In this study, we used leave-one-out cross-validation, where only one data point at a time is used in the test dataset and the model is fit to all of the remaining data. The coefficients for the trend term(s) in each metamodel were reestimated during each cross-validation iteration, which improves the error estimates for small sample sizes (Roustant et al. 2012). The covariance parameters were also reestimated. The cross-validation results were evaluated graphically and by computing the Nash-Sutcliffe efficiency (Nash and Sutcliffe 1970):

$$ Q^{2} = 1 - \frac{{\sum}_{i=1}^{n} \left( Y_{i} - \hat{Y_{i}} \right)^{2}}{{\sum}_{i=1}^{n} \left( \overline{Y} - Y_{i} \right)^{2}} $$
(2)

where Yi is the value simulated by the numerical model, Y¯ is the mean numerical model value, and Yi ̂ is the metamodel prediction. We also calculated the mean absolute error:

$$ MAE = \frac{1}{n} {\sum}_{i=1}^{n} \left\| \hat{Y_{i}} - Y_{i} \right\| . $$
(3)

Sensitivity and Uncertainty Analysis

The metamodels were used to analyze the sensitivity of the numerical model to the three uncertain parameters. We calculated Sobol’ indices for the first-order and total effects using the methods described in Jansen (1999), Saltelli et al. (2010), and Le Gratiet et al. (2014). Sobol’ indices are based on a decomposition of the variance of the model output into additive functions of the model input. The first-order Sobol’ index is defined as

$$ S_{i} = \frac{V_{X_{i}} \left( E_{X_{-i}}(Y|X_{i}) \right)}{V(Y)} $$
(4)

and the total effect index as

$$ S_{Ti} = \frac{E_{X_{-i}} \left( V_{X_{i}} (Y | X_{-i}) \right)}{V(Y)}. $$
(5)

Y |Xi denotes the model output with factor i fixed, and the function \(\phantom {\dot {i} }E_{X_{-i}}\) gives the expected value over all values of the factors that are not fixed. Finally, the function V gives the variance.
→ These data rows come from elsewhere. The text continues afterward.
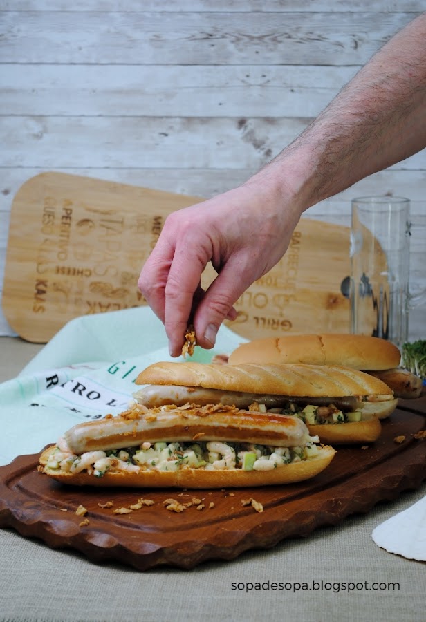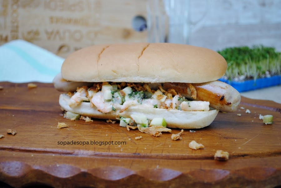 Combinar las gambitas con las salchichas no se me hubiera ocurrido nunca. Pero oye, queda muy rico, además da frescor la mezcla de manzana ácida con la mayonesa. Como que se hace menos pesado.
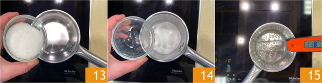 Enquanto isso, cuide do creme de mascarpone: coloque numa panela pequena o açúcar 13 e a água 14; mexa levemente e leve a mistura a 121 b0C, monitorando a temperatura com um termômetro culinário 15; se não tiver termômetro, o xarope estará pronto quando surgirem pequenas bolhas brancas na superfície.<\/p>
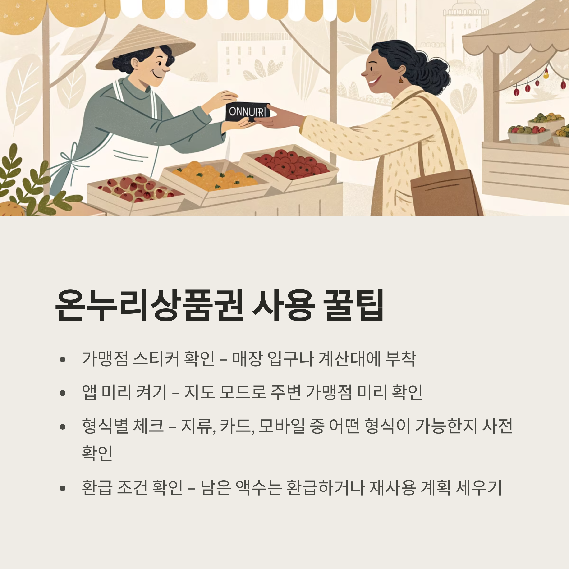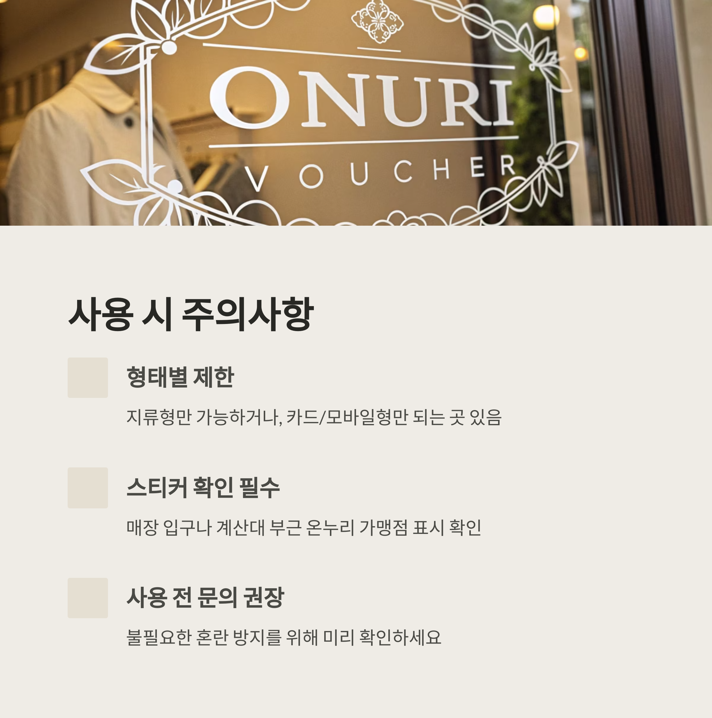 - 스티커 확인 필수: 매장 입구나 계산대 부근 온누리 가맹점 표시 확인
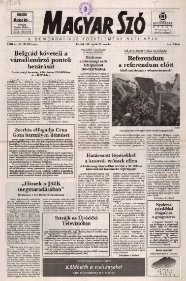 Magyar Szó, 58. évf. 2001. április 21. 93. sz. 1–16. oldal
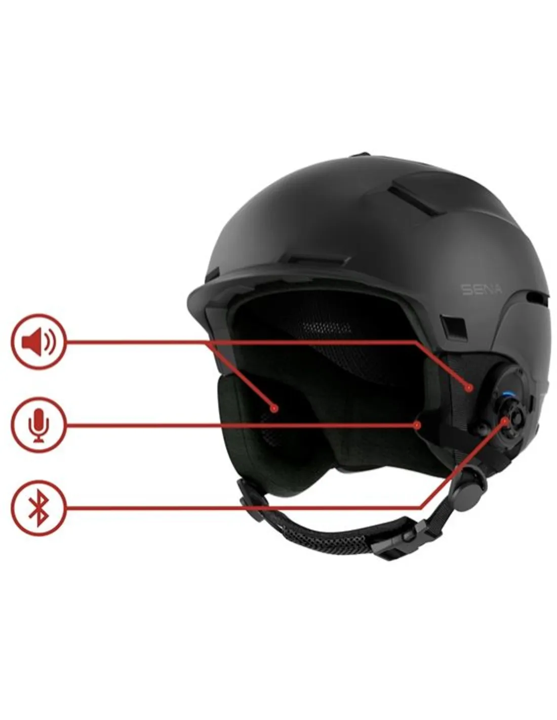 De Bluetooth®4.1 -aangedreven intercom werkt over een bereik van 1 kilometer. Het werkt met behulp van een grote, handschoenvriendelijke jog-draaiknop op het linkeroorkussen; perfect geschikt voor gebruik, zelfs met de dikste koude bescherming op je handen. Maximaal vier skiërs kunnen verbinding maken en communiceren via de standaard vierwegintercom. De helm is ook geschikt voor tweerichtings HD-intercom, waardoor een paar gebruikers ultrarijke High Definition-audio in hun communicatie kunnen ontvangen.
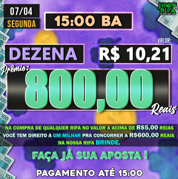 Sorteio: 07/04/2025 às 15:00
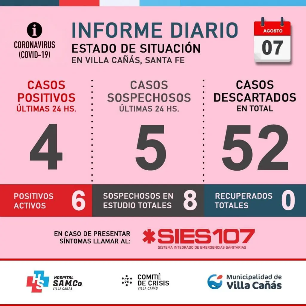 Desde el Hospital Samco de Villa Cañás, la Municipalidad y el Comité de Crisis comunican que hoy se registraron cuatros casos positivos de Covid-19, de los cuales tres pertenecen al mismo grupo familiar. De todos se estudia el nexo epidemiológico.

Therefore, for a given factor, the first-order index gives the expected fraction by which the output variance would be reduced if the factor i was exactly known, while the total index gives the fraction of variance that would remain if all factors except factor i were known (Saltelli et al. 2010). The presence of interactions with other factors is indicated by total indices that are greater than first-order indices (or a sum of first-order indices that is less than 1). Given the small number of parameters in the model used in this study, it would also be feasible to compute all of the intermediate-order indices to precisely determine interactions. However, the results will show that all interactions are negligible. Following Le Gratiet et al. (2014), the Sobol’ indices were calculated from the metamodel output and bootstrapping was used to determine uncertainty. The Sobol’ index calculation used a Monte Carlo approach with metamodel predictions at 216 points in predictor (SLR–tidal amplitude scale–streamflow scale) space along with 100 random samples of the metamodel uncertainty at each point and 100 bootstrap samples to determine the uncertainty due to numerical integration. Justification for using 216 points is provided in the Supporting Information (Section S4).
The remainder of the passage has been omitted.